Si ma ricordiamoci che tutte queste riviste sono sponsorizzate da m$ ...

----------

## nomadsoul

pure io sarei per la email di segnalazione..

a dire il vero propenderei di più per la querela...

è disinformazione palese questa...

pubblicità negativa gratuita e infondata..

----------

## Geps

due righe di mail tranquilla con link a http://www.gentoo-portage.com/ e l'invito a leggere la prima riga (16501 ebuilds, 8104 Packages, Last Updated At 00:05:46 GMT).

----------

## federico

 *nomadsoul wrote:*   

> a dire il vero propenderei di più per la querela...

 

Se dovessimo fare una denuncia per ogni volta che dicono una stronzata riguardo linux ci sarebbe solo la lista da fare, iniziando dalle riviste specialistiche per linux che pubblicano pubblicita' contro linux.

Meglio ignorare questi loschi figuri e spendere i nostri soli in miglior modo.

----------

## Neomubumba

Di riviste io ne ho comprate a palate e te lo assicuro queste come Pc Magazine, Pc World etc etc sono buone solo per la carta patinata. Non ho mai trovato niente di interessante se non per magari le comparative dell'hardware e pochi altri servizi. Poi quando si mettono a parlare di Linux ed Open Source in generale non ne parliamo...
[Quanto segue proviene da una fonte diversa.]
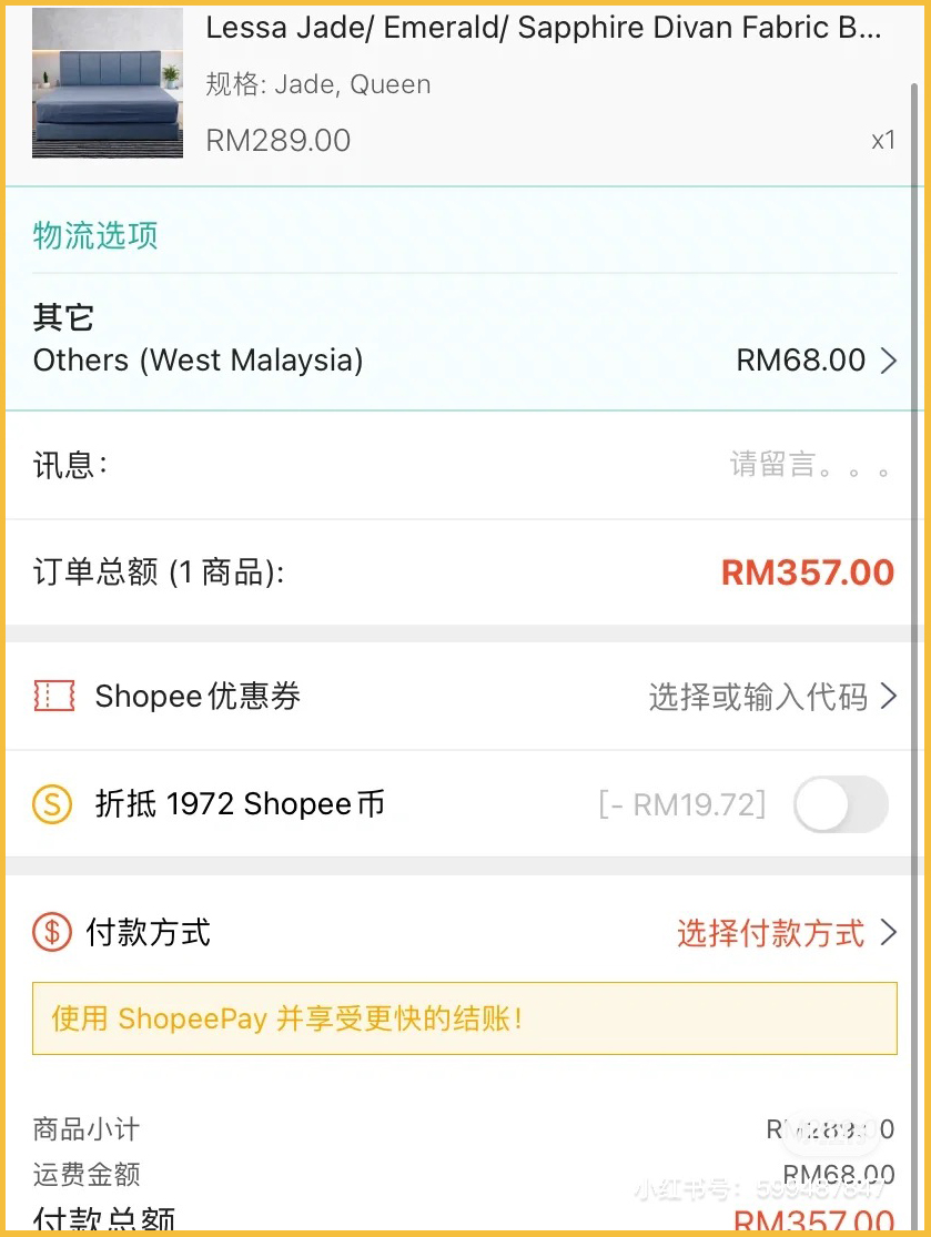 床架 RM289,邮费 RM68,买到来没超过RM360!

Sembra di sentire il classico UTONTO Windows che non ha mai visto ne provato un OS Linux (anzi che in fondo in fondo è ancora convinto che Linux sia un programma strano degli hacker, quelli cattivi mi raccomando!!! i cracker, ma non andarglielo a spiegare perchè altrimenti va a pensare ai cereali!).

Le uniche riviste che ritengo utili, con i loro limiti e pecche, sono IMHO Linux Magazine, Linux Pratico, Linux PRO e Linux&C.. Almeno loro sanno di cosa parlano (anche se a volte ne hanno dette grosse magari). Poi che io conosca c'è come molto valida OpenSource.net che è interessante.

E comunque è risaputo tutte quelle riviste come PC Magazine parlano solamente di Programmi per Windows o comunque in quell'area. E' come chiedere ad un cieco di descrivergli la Gioconda. Non possono!

Non volevo fare pubblicità alle riviste che ho nominato (non ci guadagnerei nulla) ma semplicemente dirvi l'esperienza e quello che ho provato dopo aver letto quelle altre riviste.

Tutto cioò ovviamente IMHO (LMOAR)!!!

----------

## SilverXXX

L'avesse detto una rivista seria come pc professionale mi sarei preoccupato, ma se l'ha detto pc magazine, non è cos' importante. Certo però una mail per una veloce rettifica ci starebbe.

----------

## comio

 *SilverXXX wrote:*   

> L'avesse detto una rivista seria come pc professionale mi sarei preoccupato, ma se l'ha detto pc magazine, non è cos' importante. Certo però una mail per una veloce rettifica ci starebbe.

 

io sono abbonato a pc prof da 10 anni... e ti assicuro che il livello è sceso veramente tanto... fai due conti

----------

## randomaze

 *comio wrote:*   

> io sono abbonato a pc prof da 10 anni... e ti assicuro che il livello è sceso veramente tanto... fai due conti

 

Dato che pensavo la stessa cosa 5 anni fa (sulla caduta di livello) direi che negli ultimi 5 anni non mi sono perso nulla.

Per fare due conti moltiplico il prezzo della rivista prima per 12 (come i mesi) e poi per 5 (come gli anni)?

----------

## molesto

a dire il vero anche io non la compro più... prima era un appuntamento fisso..

ora è tutta pubblicità...

certo però che Internet gli ha dato una bella mazzata a queste riviste di informatica "da edicola"   :Twisted Evil: 

----------

## Mistobaan

La domanda base che dovete porvi e' questa:

Uno che sa usare la gentoo secondo voi, va a lavorare a Pc magazine??

----------

## molesto

su linux magazine del mese scorso in una risposta a una lettera tipo

"quale distro" la redazione nel consigliare la solita mandrake community

diceva - di strisco e tra parentesi - che la preferita in redazione era gentoo.

Io credo che in gentoo riviva lo spirito delle prime distribuzioni di Linux (che è anche il motivo per cui mi sono riavvicinato a questo so) e che, pertanto, sia

destinata a rimanere un po' di 'nicchia' (ho detto nicchia, non minchia  :Laughing:  ) e

quindi 'trascurata' dal mondo non power user (? = looser user; down user; press start to begin user) sempre alla ricerca della 'perfezione'.

In tutto questo, comunque, unicuicumque suum, 

a ciascuno il suo, no?

Pc Magazine da chi fa copia e incolla per pubblicare la rivista? 

Dico, non se avete notato, ma sono tutte uguali!   :Rolling Eyes: 

----------

## Onip

io sono per la rettifica. la disinformazione non fa mai bene, a prescindere da chi la fa, dalla qualità della rivista in questione e della competenza dei lettori.

----------